## Exercise directions:
Although the records contain pictures, none belong in the copy: restate word for word only the lines from the one with "検索画面にて在宅医療機関種別を選択し、ボタンの右端の" through the one with "- 还有海产的干货,咸鱼虾干", both included.

## Dataset records:
* * * * * * * * *

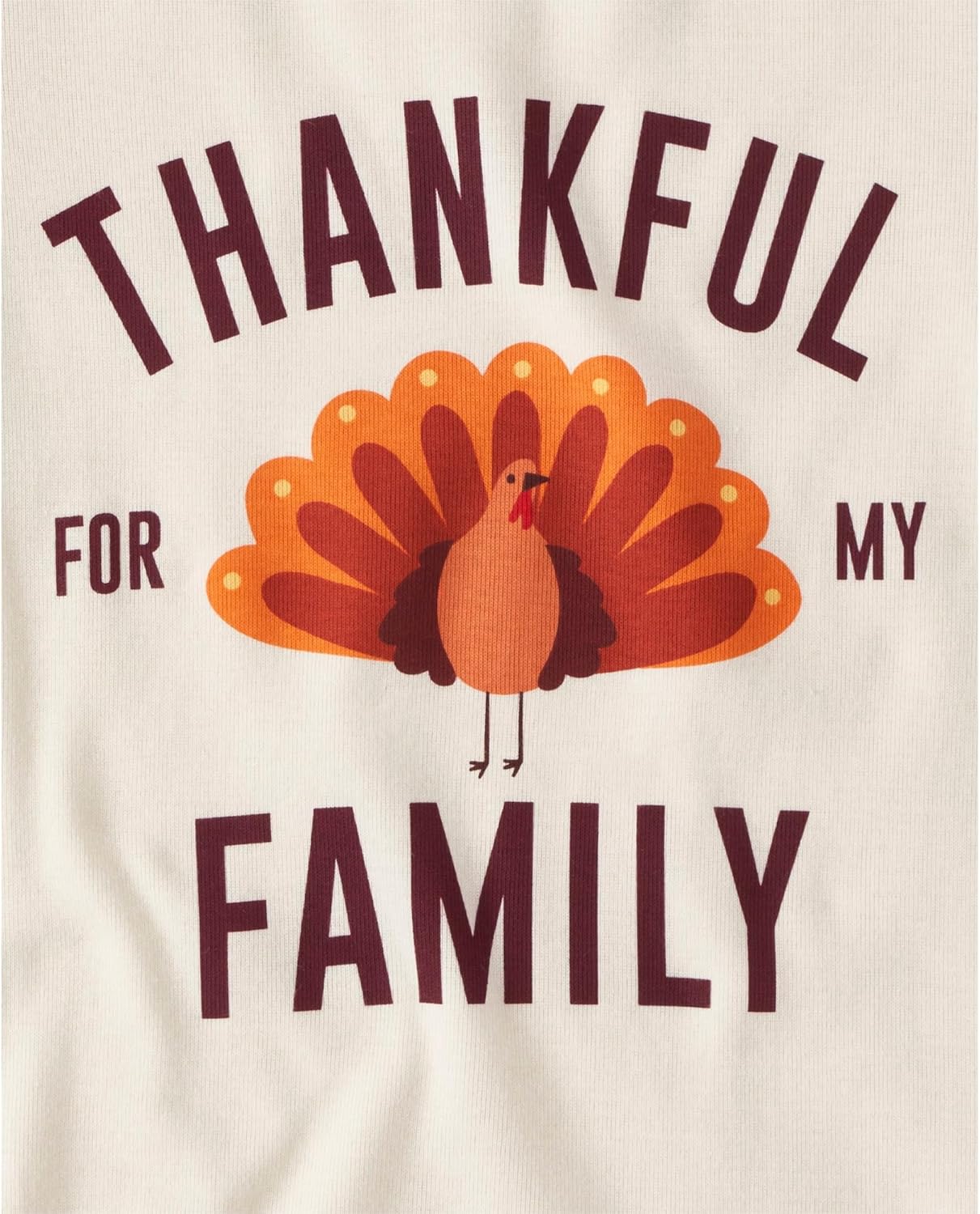 - PAJAMA TOP: Contrast rib-knit crew neck, long raglan sleeves, 'Thankful For My Family' with turkey graphic design at front
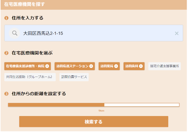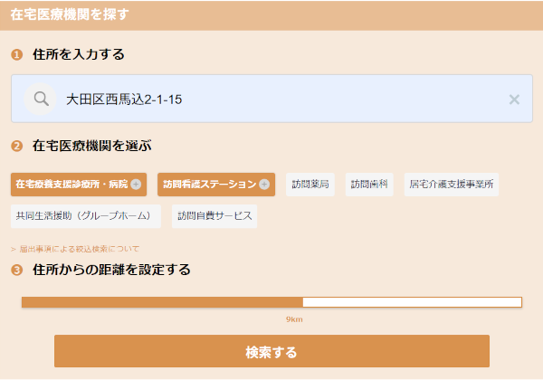 検索画面にて在宅医療機関種別を選択し、ボタンの右端の
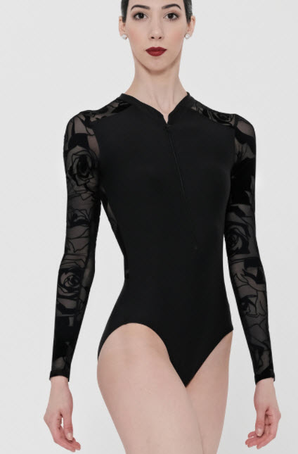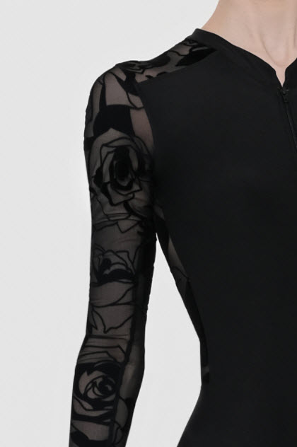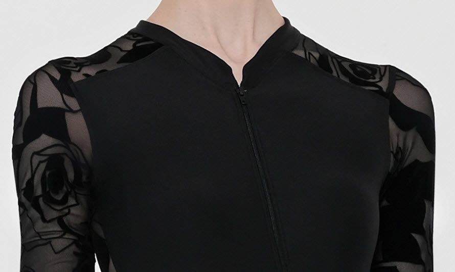 Elegante maillot de manga larga con cuello alto y cremallera frontal
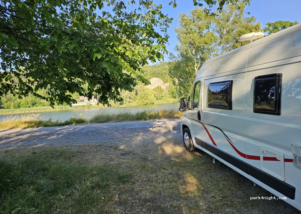 Sehr schöner Platz. Mit direktem Zugang zum Wasser und ausblich auf Berge und eine Burg Ruine. Auf deutscher Seite ist ein Supermarkt in der Nähe. Immer wieder gerne.
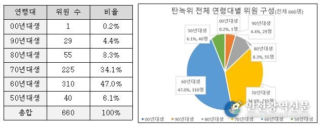 대통령 직속 탄녹위와 지방탄녹위 구성 현황을 출생연대별로 살펴보면, 전체 위원 660명 중 50~70년대생은 575명으로 87.1%를 차지한다. 50년대생(65세~75세)은 6.1%(40명), 60년대생(55세~65세)은 47.0%(310명), 70년대생(45세~55세)은 34.1%(225명)이다. 반면, 80년대생(35세~45세)은 8.3%(55명)이며, 90년대생(25세~35세)은 4.4%(29명)에 그쳤다. 청년 위원은 3.9%(26명)이다. 00년대생은 1명으로, 경상북도 탄녹위 소속이다.
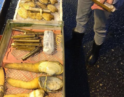 - 还有海产的干货,咸鱼虾干之类的,最多的就是海鲜了,超大的海鲜比如:濑尿虾,海虾,鲍鱼,长脚蟹,象拔蚌金骆驼
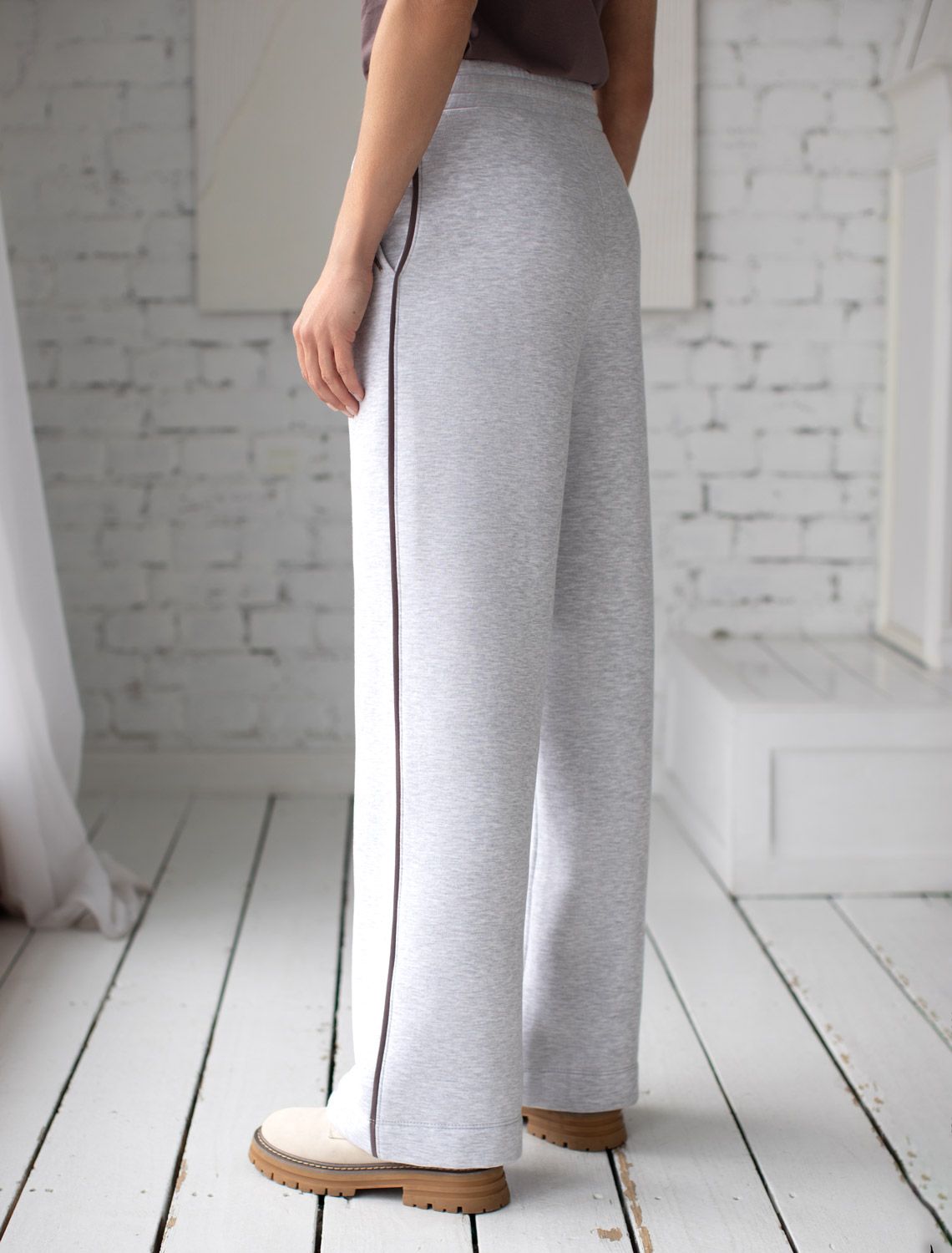 Теплые прямые брюки серого цвета с эффектом меланж из эластичного футера трехнитки с начесом созданы для максимального комфорта в холодную погоду. Мягкий материал приятный к телу, хорошо держит форму, не вытягивается и не теряет форму даже при активной носке. Благодаря дышащим свойствам премиального футера, брюки подходят на любую погоду, обеспечивая оптимальный микроклимат и уют. Свободный крой и эластичный широкий пояс делает посадку удобной для разных типов фигуры и размеров, включая большие и маленькие. Застроченные стрелки визуально вытягиват силуэт и подчеркивают эстетичнось повседневных брюк, а контрастные тонкие лампасы добавляют актуальности образу. Благодаря особенностям трехниточного плетения и внутреннему слою с начесом, эти брюки отлично сохраняют тепло в холодные осенние и зимние дни, при этом в них вы будете выглядеть модно и современно. Вы можете составить комплект с артикулами: D49.143 и D49.142

* * * * * * * * *

## Answer area:
 検索画面にて在宅医療機関種別を選択し、ボタンの右端の
 Elegante maillot de manga larga con cuello alto y cremallera frontal
 Sehr schöner Platz. Mit direktem Zugang zum Wasser und ausblich auf Berge und eine Burg Ruine. Auf deutscher Seite ist ein Supermarkt in der Nähe. Immer wieder gerne.
 대통령 직속 탄녹위와 지방탄녹위 구성 현황을 출생연대별로 살펴보면, 전체 위원 660명 중 50~70년대생은 575명으로 87.1%를 차지한다. 50년대생(65세~75세)은 6.1%(40명), 60년대생(55세~65세)은 47.0%(310명), 70년대생(45세~55세)은 34.1%(225명)이다. 반면, 80년대생(35세~45세)은 8.3%(55명)이며, 90년대생(25세~35세)은 4.4%(29명)에 그쳤다. 청년 위원은 3.9%(26명)이다. 00년대생은 1명으로, 경상북도 탄녹위 소속이다.
 - 还有海产的干货,咸鱼虾干之类的,最多的就是海鲜了,超大的海鲜比如:濑尿虾,海虾,鲍鱼,长脚蟹,象拔蚌金骆驼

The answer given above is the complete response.